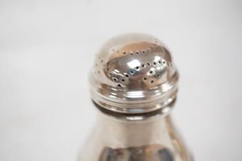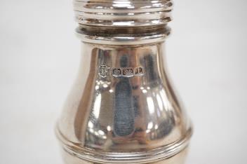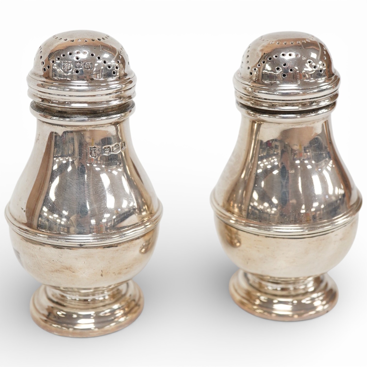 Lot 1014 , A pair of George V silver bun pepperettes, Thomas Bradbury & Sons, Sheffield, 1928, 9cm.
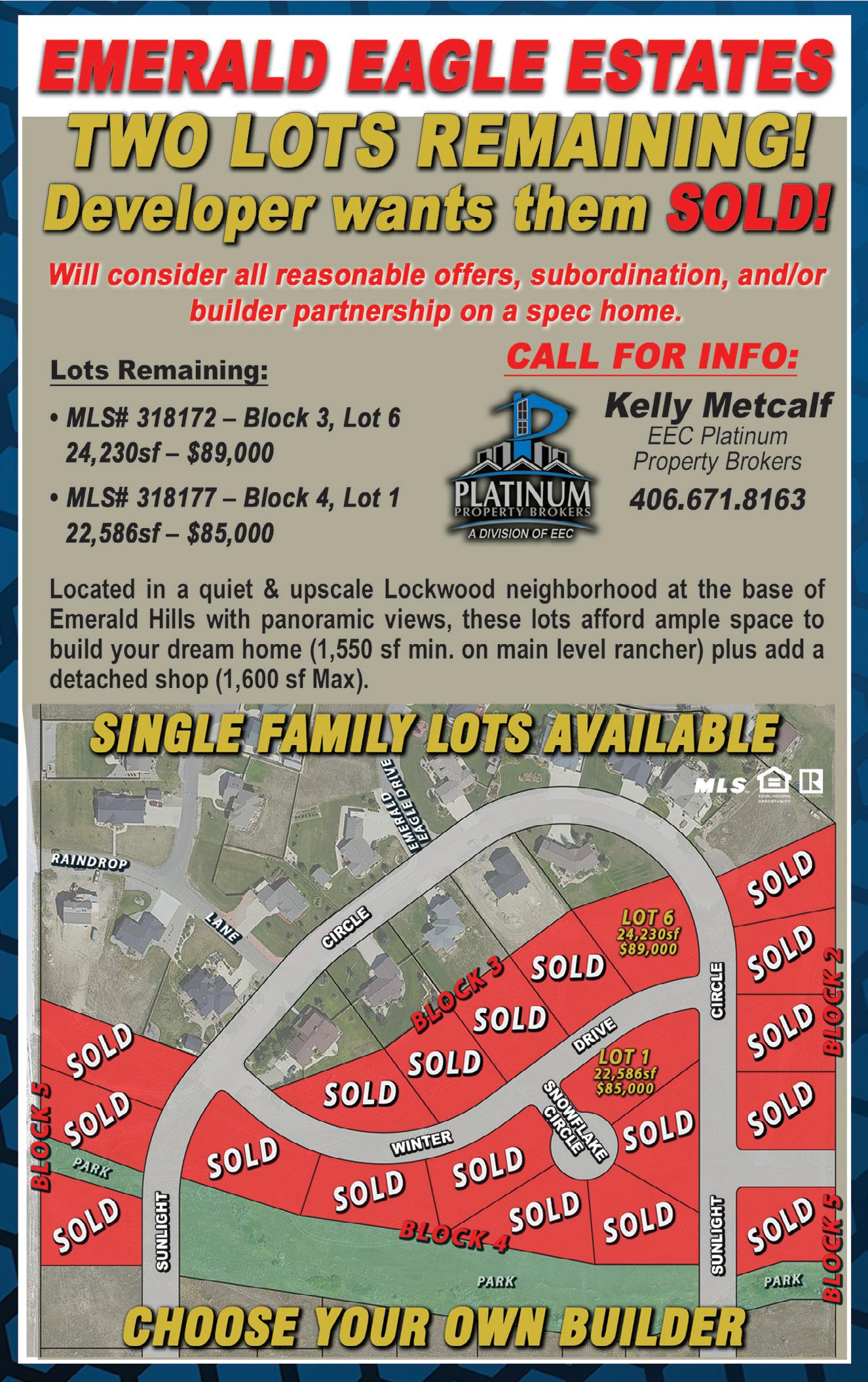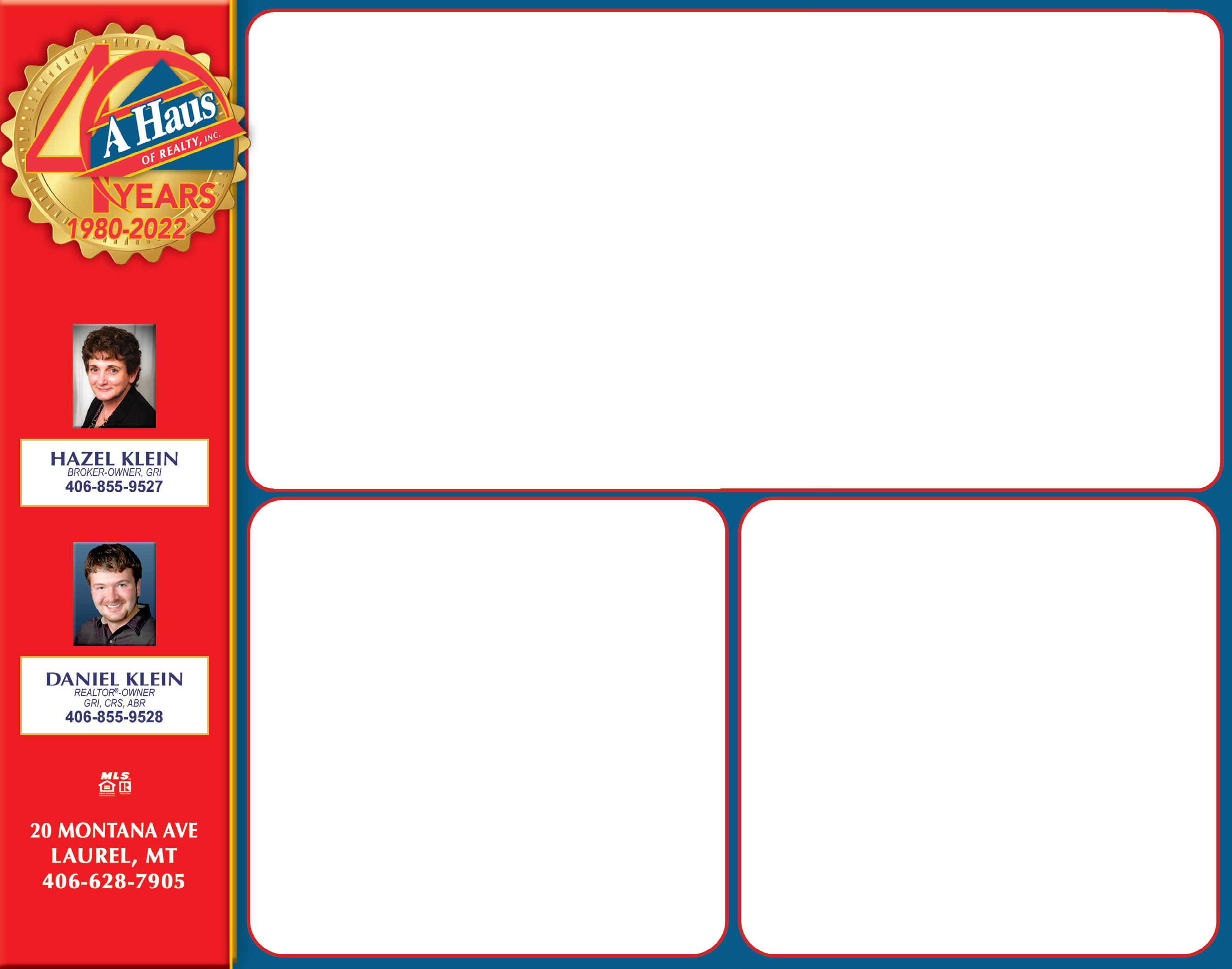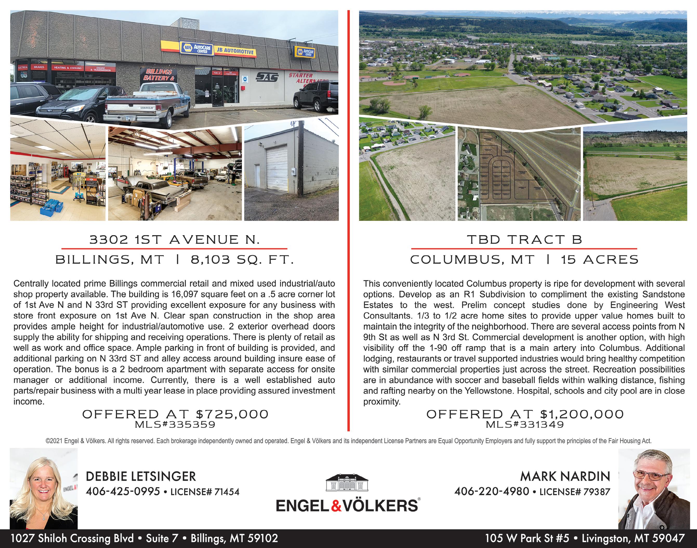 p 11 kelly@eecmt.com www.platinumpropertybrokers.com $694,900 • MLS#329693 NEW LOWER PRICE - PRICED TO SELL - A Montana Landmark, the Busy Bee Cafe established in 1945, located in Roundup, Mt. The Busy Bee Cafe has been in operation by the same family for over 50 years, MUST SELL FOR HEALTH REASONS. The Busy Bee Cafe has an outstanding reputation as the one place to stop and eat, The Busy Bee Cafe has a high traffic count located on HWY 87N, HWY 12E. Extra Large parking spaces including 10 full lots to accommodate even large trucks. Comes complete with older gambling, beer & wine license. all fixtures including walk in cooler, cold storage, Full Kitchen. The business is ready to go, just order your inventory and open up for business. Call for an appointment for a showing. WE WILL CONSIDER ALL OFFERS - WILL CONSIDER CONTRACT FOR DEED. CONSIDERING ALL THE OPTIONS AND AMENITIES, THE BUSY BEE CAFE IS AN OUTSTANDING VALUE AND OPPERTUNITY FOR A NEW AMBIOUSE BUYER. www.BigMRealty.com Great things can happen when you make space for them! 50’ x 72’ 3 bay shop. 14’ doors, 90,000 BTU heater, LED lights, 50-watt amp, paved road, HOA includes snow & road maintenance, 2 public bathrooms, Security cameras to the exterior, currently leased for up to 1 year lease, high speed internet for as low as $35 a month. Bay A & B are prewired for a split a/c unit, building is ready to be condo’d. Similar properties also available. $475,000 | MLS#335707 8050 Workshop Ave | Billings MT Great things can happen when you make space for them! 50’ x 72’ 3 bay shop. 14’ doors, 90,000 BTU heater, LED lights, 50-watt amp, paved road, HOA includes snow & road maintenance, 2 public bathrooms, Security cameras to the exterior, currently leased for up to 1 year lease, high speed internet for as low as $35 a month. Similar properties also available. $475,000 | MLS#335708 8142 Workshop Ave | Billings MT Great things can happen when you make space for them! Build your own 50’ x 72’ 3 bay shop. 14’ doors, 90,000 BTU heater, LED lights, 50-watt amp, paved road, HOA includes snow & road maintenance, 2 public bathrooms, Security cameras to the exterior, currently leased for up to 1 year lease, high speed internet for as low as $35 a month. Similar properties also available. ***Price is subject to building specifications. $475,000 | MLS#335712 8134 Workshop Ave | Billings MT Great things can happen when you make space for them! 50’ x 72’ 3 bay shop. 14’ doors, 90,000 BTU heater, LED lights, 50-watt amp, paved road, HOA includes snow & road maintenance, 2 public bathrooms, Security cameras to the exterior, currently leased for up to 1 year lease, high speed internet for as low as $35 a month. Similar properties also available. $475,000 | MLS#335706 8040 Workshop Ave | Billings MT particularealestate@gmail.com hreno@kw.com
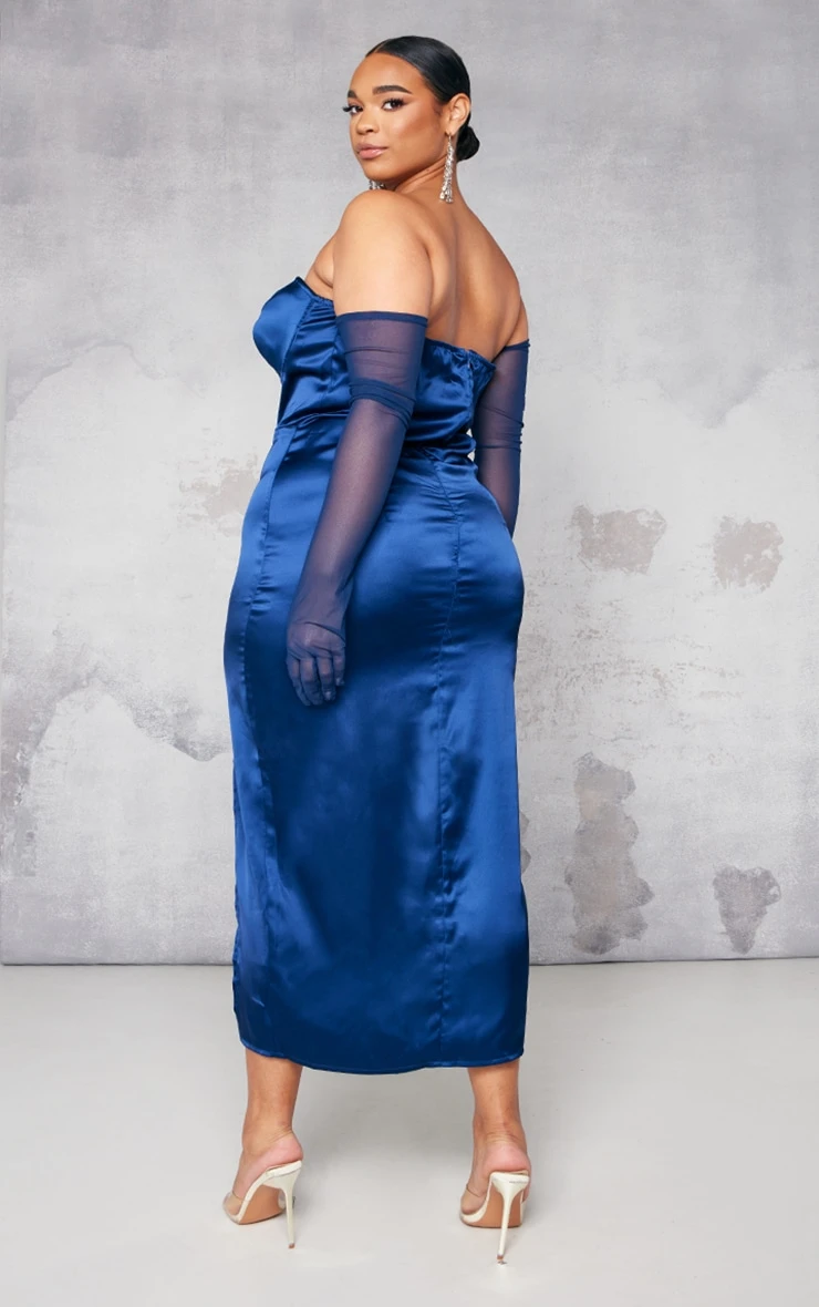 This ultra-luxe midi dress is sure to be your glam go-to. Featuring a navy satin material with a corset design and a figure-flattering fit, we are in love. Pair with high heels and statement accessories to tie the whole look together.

(TASK): All of the lines above should be copied exactly, apart from the pictures.

(SOLUTION):
 Lot 1014 , A pair of George V silver bun pepperettes, Thomas Bradbury & Sons, Sheffield, 1928, 9cm.
 p 11 kelly@eecmt.com www.platinumpropertybrokers.com $694,900 • MLS#329693 NEW LOWER PRICE - PRICED TO SELL - A Montana Landmark, the Busy Bee Cafe established in 1945, located in Roundup, Mt. The Busy Bee Cafe has been in operation by the same family for over 50 years, MUST SELL FOR HEALTH REASONS. The Busy Bee Cafe has an outstanding reputation as the one place to stop and eat, The Busy Bee Cafe has a high traffic count located on HWY 87N, HWY 12E. Extra Large parking spaces including 10 full lots to accommodate even large trucks. Comes complete with older gambling, beer & wine license. all fixtures including walk in cooler, cold storage, Full Kitchen. The business is ready to go, just order your inventory and open up for business. Call for an appointment for a showing. WE WILL CONSIDER ALL OFFERS - WILL CONSIDER CONTRACT FOR DEED. CONSIDERING ALL THE OPTIONS AND AMENITIES, THE BUSY BEE CAFE IS AN OUTSTANDING VALUE AND OPPERTUNITY FOR A NEW AMBIOUSE BUYER. www.BigMRealty.com Great things can happen when you make space for them! 50’ x 72’ 3 bay shop. 14’ doors, 90,000 BTU heater, LED lights, 50-watt amp, paved road, HOA includes snow & road maintenance, 2 public bathrooms, Security cameras to the exterior, currently leased for up to 1 year lease, high speed internet for as low as $35 a month. Bay A & B are prewired for a split a/c unit, building is ready to be condo’d. Similar properties also available. $475,000 | MLS#335707 8050 Workshop Ave | Billings MT Great things can happen when you make space for them! 50’ x 72’ 3 bay shop. 14’ doors, 90,000 BTU heater, LED lights, 50-watt amp, paved road, HOA includes snow & road maintenance, 2 public bathrooms, Security cameras to the exterior, currently leased for up to 1 year lease, high speed internet for as low as $35 a month. Similar properties also available. $475,000 | MLS#335708 8142 Workshop Ave | Billings MT Great things can happen when you make space for them! Build your own 50’ x 72’ 3 bay shop. 14’ doors, 90,000 BTU heater, LED lights, 50-watt amp, paved road, HOA includes snow & road maintenance, 2 public bathrooms, Security cameras to the exterior, currently leased for up to 1 year lease, high speed internet for as low as $35 a month. Similar properties also available. ***Price is subject to building specifications. $475,000 | MLS#335712 8134 Workshop Ave | Billings MT Great things can happen when you make space for them! 50’ x 72’ 3 bay shop. 14’ doors, 90,000 BTU heater, LED lights, 50-watt amp, paved road, HOA includes snow & road maintenance, 2 public bathrooms, Security cameras to the exterior, currently leased for up to 1 year lease, high speed internet for as low as $35 a month. Similar properties also available. $475,000 | MLS#335706 8040 Workshop Ave | Billings MT particularealestate@gmail.com hreno@kw.com
 This ultra-luxe midi dress is sure to be your glam go-to. Featuring a navy satin material with a corset design and a figure-flattering fit, we are in love. Pair with high heels and statement accessories to tie the whole look together.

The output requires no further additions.